Copy the Header: In the new tab or window displaying the email's original version, you can copy the entire header by selecting all the text (usually Ctrl + A) and copying it (Ctrl + C) to your clipboard.

Decoding the Header

Phishing attacks, with their intricate deceptions, have necessitated the need for vigilance in the realm of email communication. One of the most potent tools against these threats is a thorough analysis of email headers. This guide provides an in-depth overview of critical email header fields, coupled with a sample header, to help unveil potential phishing attempts.

1. Received Paths and IP Tracking:

The "Received" field provides a sequential account of servers an email traversed. Tracing these paths and investigating associated IP addresses can reveal mismatches between the claimed email origin and its actual path.

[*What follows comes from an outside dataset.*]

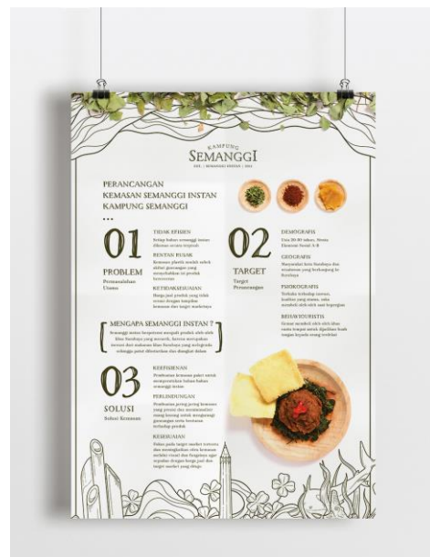
Gambar 26. Poster konsep

Example from sample header:

Received: from mail123.fakecompany.com ([192.168.0.123]) by mail.yourcompany.com with ESMTP;

2. From and Reply-To Fields:

The sender's identity is usually in the "From" field, but phishers can spoof this. Cross-verifying with "Reply-To" can help confirm the sender's authenticity.

Sample header snippet:

From: CEO <[email protected]>

Reply-To: [email protected]

3. Return-Path and Bounce Analysis:

"Return-Path" indicates the email address where bounces are directed. It can be manipulated by phishers to mislead spam filters.

Sample:

Return-Path: <[email protected]>

4. Authentication Protocols: SPF, DKIM, and DMARC:

These protocols validate the sender's legitimacy and message integrity. Their presence or absence can give clues about an email's authenticity.

Received-SPF: pass (domain of trustedcompany.com designates 192.168.0.123 as permitted sender)

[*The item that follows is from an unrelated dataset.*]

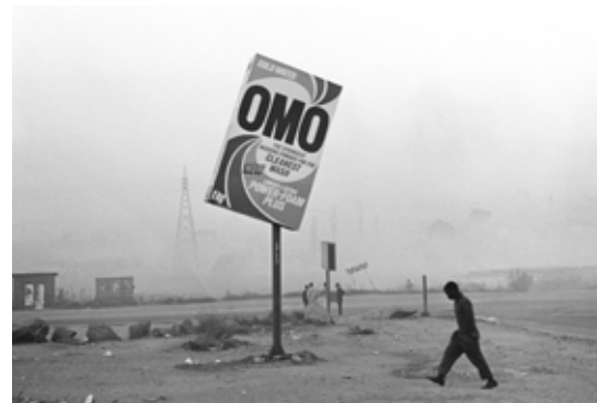
Winter in Tembisa, 1992

de multi-etnische samenleving, anderzijds de realiteit met politieke, sociale, economische en religieuze problemen.

DKIM-Signature: v=1; a=rsa-sha256; c=relaxed/relaxed; d=trustedcompany.com;

5. Subject Line Analysis:

Although not a strict header field, subject lines in phishing emails might use urgency or deceitful offers to bait recipients.

Example:

Subject: Urgent Action Required!

6. X-Headers:

Additional details, often starting with "X-", can provide insights about the email's journey and source.

Sample:

X-Mailer: Microsoft Outlook 15.0

X-Originating-IP: [192.168.0.123]

7. URLs and Link Analysis:

Embedded URLs can redirect recipients to malicious sites. Dissecting URLs from headers can highlight suspicious domains or URL patterns.

Example within content (not strictly header):

Click here: https://phishingwebsite.com/login

For making the your life easier here's a list of Header analyzing tools which are free -

MxToolbox Email Header Analyzer https://mxtoolbox.com/EmailHeaders.aspx

Google Postmaster Tools (Gmail) https://postmaster.google.com/

SPF/DKIM/DMARC Record Lookup https://mxtoolbox.com/

Conclusion:

By systematically breaking down an email header, as illustrated with our sample, you can uncover telltale signs of phishing attempts. As email communication remains central in today's digital age, mastering the art of email header analysis becomes indispensable for digital safety. Remember: In the world of cybersecurity, knowledge and caution are your best allies.